“1.10. Posthumanists do not fall into the trap of imagining a society where everything works well. Economic and political theories are as futile as long term weather predictions.”
Robert Pepperell, The Posthuman Manifesto
Angela remained unsurprised. Her creation, Vitor, one-hundred-eighty pounds of chaotic curiosity was, effectively, a child. She was grateful that even though he teetered on unpredictability — the balance-scale tilted by a microgram at most — the two of them survived. The deep sea, hungrily pummeling the extreme edges of the nearly vertical cliffs, would not be claiming them today.
He held the framed photograph of “Small Angela, Small Weiss” entirely motionless, questioning. She smelled the salty sea air and warm sunshine on him. A living sculpture. Angela could picture a Vitor Of Granite, monument to optimists, dreamers, and survivors. The New Age Savant. Would it be engraved: “Mayan Curtain Of Night, Forestalled,” on the base? Angela was pleased with her Vitor’s dynamic range of thought and motion.
Anxiety lifted, Angela grasped Vitor’s hand. Beyond the glass table where his first meal of lemon cookies and clear seltzer water was managed — don’t inhale the bubbles, big guy — they went. She made a mental commitment to provide more appropriate nutrition. She wondered was the lemon cookie act what saved them from Vitor’s initial urges? Did he stage it? Was he that brilliant and quick?
Angels. Did God, and the Angels, create Man?
Was she now, Angela, the mother of Posthuman History? Was she, to be, part of the New Age Texts, documented in clusters of patterned electrons, bosons, and prions? Prions were bad — right? Prion disease? Time would learn. Time would tell soon. Time was different these days.
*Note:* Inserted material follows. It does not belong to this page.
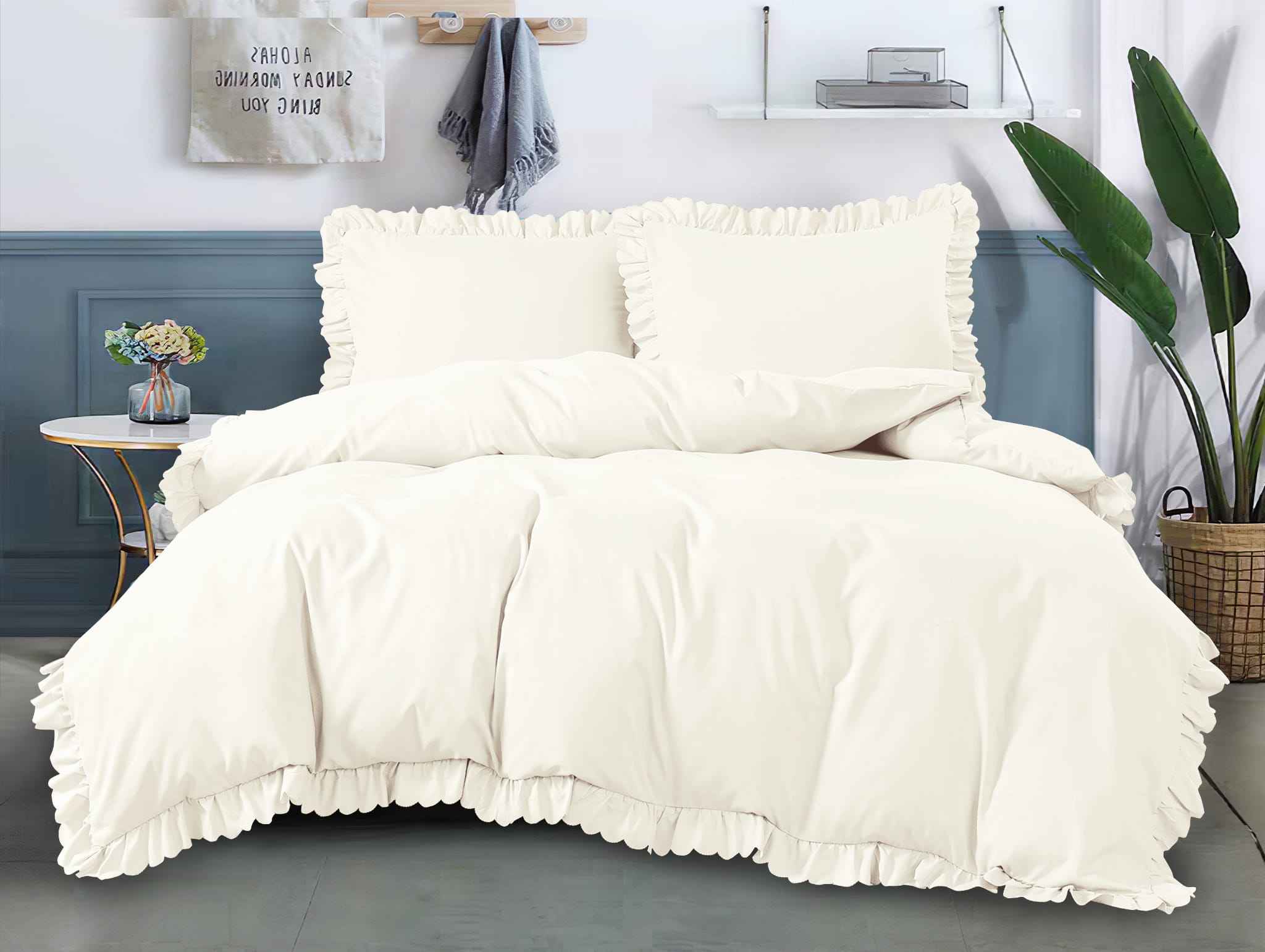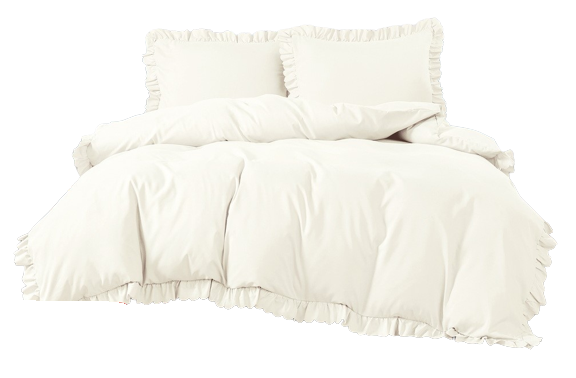 Pościele ozdobione są przepiękną falbanką w kolorze pościeli.
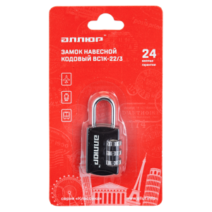 Замок кодовый. Предназначен для защиты от несанкционированного вскрытия сумок, чемоданов и др. багажа. Замок запирается дужкой диаметром 3 мм. Габариты замка - 55х22х10 мм. Диапазон цифр в каждом значении - от 0 до 9. Материал корпуса - цинковый сплав, дужки -сталь.

Down the illuminated passage. Into the deeper realms of the cliff-home, her palace of light. Vitor felt safe with Angela. Her frequencies differed from the sea, the white marble, sweet lemon cookies and Polar Bear Seltzer jetting. Angela was transmitting patterns of colors streaming from within her tiny bird-body. Angela was of ions… Aura! That was it, Aura, he thought. Although she was small, Vitor felt calm walking alongside Angela.
Familiar, thought Vitor, the passage was wide. Slightly claustrophobic. Excitement built inside him; surely Angela was bringing him to see the man called Weiss. The rooms to either side were eclectically arranged and furnished. Dark flooring of perfect wood, blacker than a starless night. He feared he might mis-step, and fall so deeply there would be no more earth.
It was longer than its width, a runway, he thought. A new source of worry was creeping up on Vitor. Too many words popping in and out of his consciousness, like that hammer-gopher-game at the circus. Vitor was stressing. Upon departing the main room with the lovely sky and sunshine reverting to tungsten, setting, resting upon the horizon, the words began bouncing off the passage walls wildly!
Fortunately they both made it, before the word-spell set in! “Library,” she said. “Look,” she requested. “Mirror.” What was a mirror? Like a window, it seemed to Vitor. A very large window. Resembling the photograph he firmly clutched in his massive veined, corded, hands. Careful not to crush, destroy Angela’s photo!
A mirror, it seemed, was much like a photograph, but larger.